蒼天歴176年。当時、未開拓であった北の地に人類が進出。その際に北の森林地帯で遭遇した種族、後に「猫族」と称されることになる種族と出会い交流を深める。それから300年後の青天歴476年。猫族と人間族の間に大きな戦争が勃発する。その戦争は後に「獣狩り」と呼ばれ、戦争は人間側が大勝を収めた。その際、敗北した猫族は永遠に人間の奴隷になるという条約を半ば強制的に結ばせられたという…

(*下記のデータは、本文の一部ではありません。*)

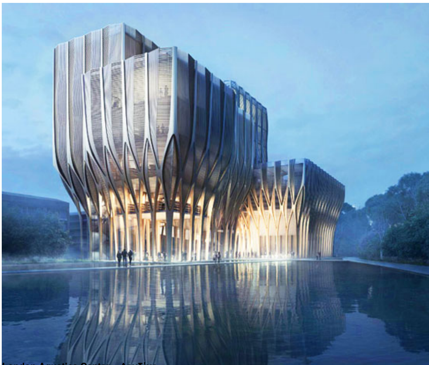
London Aquatics Center – Λονδίνο
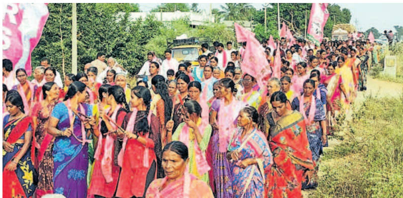
సముద్రాలలో రా్యశీ నిర్వహిస్తున్న మహిళలు
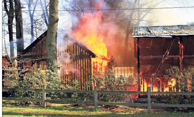
Beim Großbrand auf einer Hofstelle in Lünzenbrockhof entstand laut Polizei ein Schaden in Höhe von rund einer Million Euro. Verletzt wurde glücklicherweise niemand.

Dach und die Giebelseite eines Wohnhauses und auf der anderen Seite auf ein Nebengebäude übergreifen. Sofort wurde Großalarm ausgelöst. Zunächst waren die Frei-

時に蒼天歴480年。~オーランス城下町の宴会場「猫の家」~


「坊ちゃん。見てくださいよこの子!とってもキュートでしょ?」

「おいおい、また新しい猫を買って来たのか?…前の猫はどうした?」

俺の名前はレイト。宴会場「猫の家」のオーナーであるロードナルの一人息子だ。
それで、俺の目の前で新しく買ってきた猫を舐めますように眺めているのがこの宴会場の責任者ゴードン。ゴードンは悪い奴じゃないんだけど…

「あぁ、弱っていたのでラドクスに売りましたよ」

「ラドクスに!?炭鉱に売ったのか?それじゃ…」

あっさり売りましたと答えるゴードンだが、レイトはそれを聞いて驚く。そもそもラドクスという人物は「猫使いが荒い」として有名な男。そんな男の元に売られたら最後、ボロ雑巾になるまで働かされた挙句にゴミの様に捨てられるのがオチだろう。レイトはそんな所に猫を売りに行った非常なゴードンを軽蔑の眼差しで見つめる。

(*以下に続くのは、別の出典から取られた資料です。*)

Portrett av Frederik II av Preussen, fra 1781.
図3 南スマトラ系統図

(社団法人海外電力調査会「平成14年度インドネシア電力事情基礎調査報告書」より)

「もぉ~、坊ちゃんは何かと猫族に甘すぎですよ!お父上に叱られますぞ」

笑いながらそう言ってレイトを宥める様に抱きつくゴードン。しかし、レイトはそのことに対して納得行かないと言うような表情で会話を続けた。

「猫族って言っても外見は俺達と大して変わらないじゃないか。言葉だって交わせるし」

「ちょっ!軽々しく口にする言葉じゃありませんよ!王族批判と言われ…」

俺としては猫族を奴隷扱いするのは癪に障る。でも、一度その事を口に出すと「王族批判」やら「混血」などと罵られてこの国ではたちまち生きていけなくなっちまう。

「あぁー十分承知だよ!」

レイトは聞き飽きたと言わんばかりに大声を上げてゴードンの話を立ち切ると、そのままその場から立ち去った。



それからしばらくして猫の家が開店。除所に客足も多くなり、いつの間にか店は満席状態。その様子に従業員でないレイトは本館(家)に戻ろうとしたが、その日は新しい猫もやって来たことから興味本位で店に残ることに。

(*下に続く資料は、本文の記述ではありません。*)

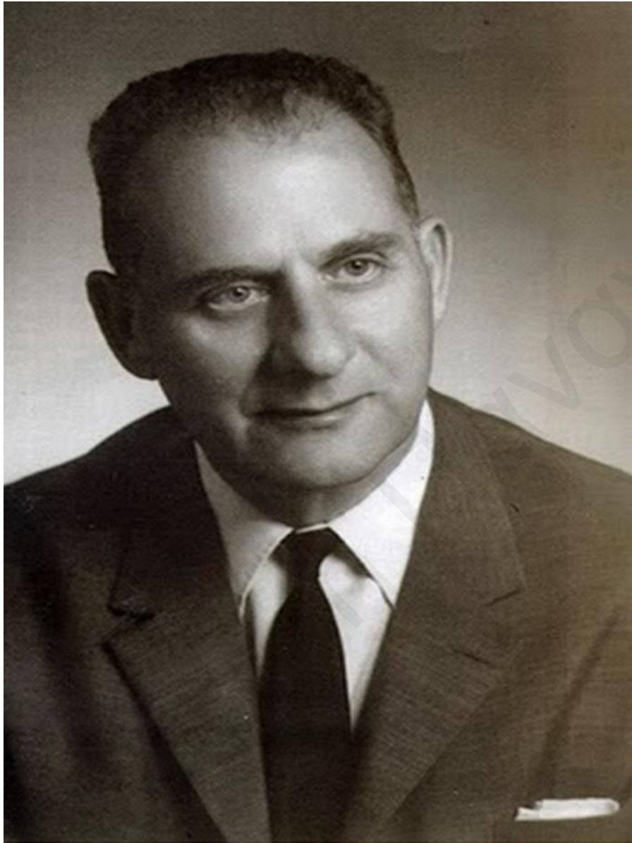
Λουκίας Ακρίτας (1908-1965)

「そういえばさっきよく見なかったけど、新しく来た子ってどんな子かな…屋根裏なら…」

そう思いレイトは荷物置き場でもある店の吹き抜けの屋根裏に向い、店のステージが一望できる場所を陣取って猫ショーが始まるのを今か今かと待ち続けた。



「さぁ、いよいよ今日のショーの時間です。今夜が初ステージとなる期待の新人猫を早速呼んでみましょう…」

客で埋め尽くされた猫の家のステージに立ち、ショーの開始を客達に伝えるゴードン。ゴードンの呼び掛けに思い思いの時間を過ごしていた客達が一斉に黙り込みステージに視線を向ける。

「………んっ!しまった!ついつい寝ちゃったよ」

屋根裏で待機していたレイトはいつの間にか居眠りしてしまっていたが、ショーの前説を行うゴードンの甲高い声ではっと目が覚め上半身を起こす。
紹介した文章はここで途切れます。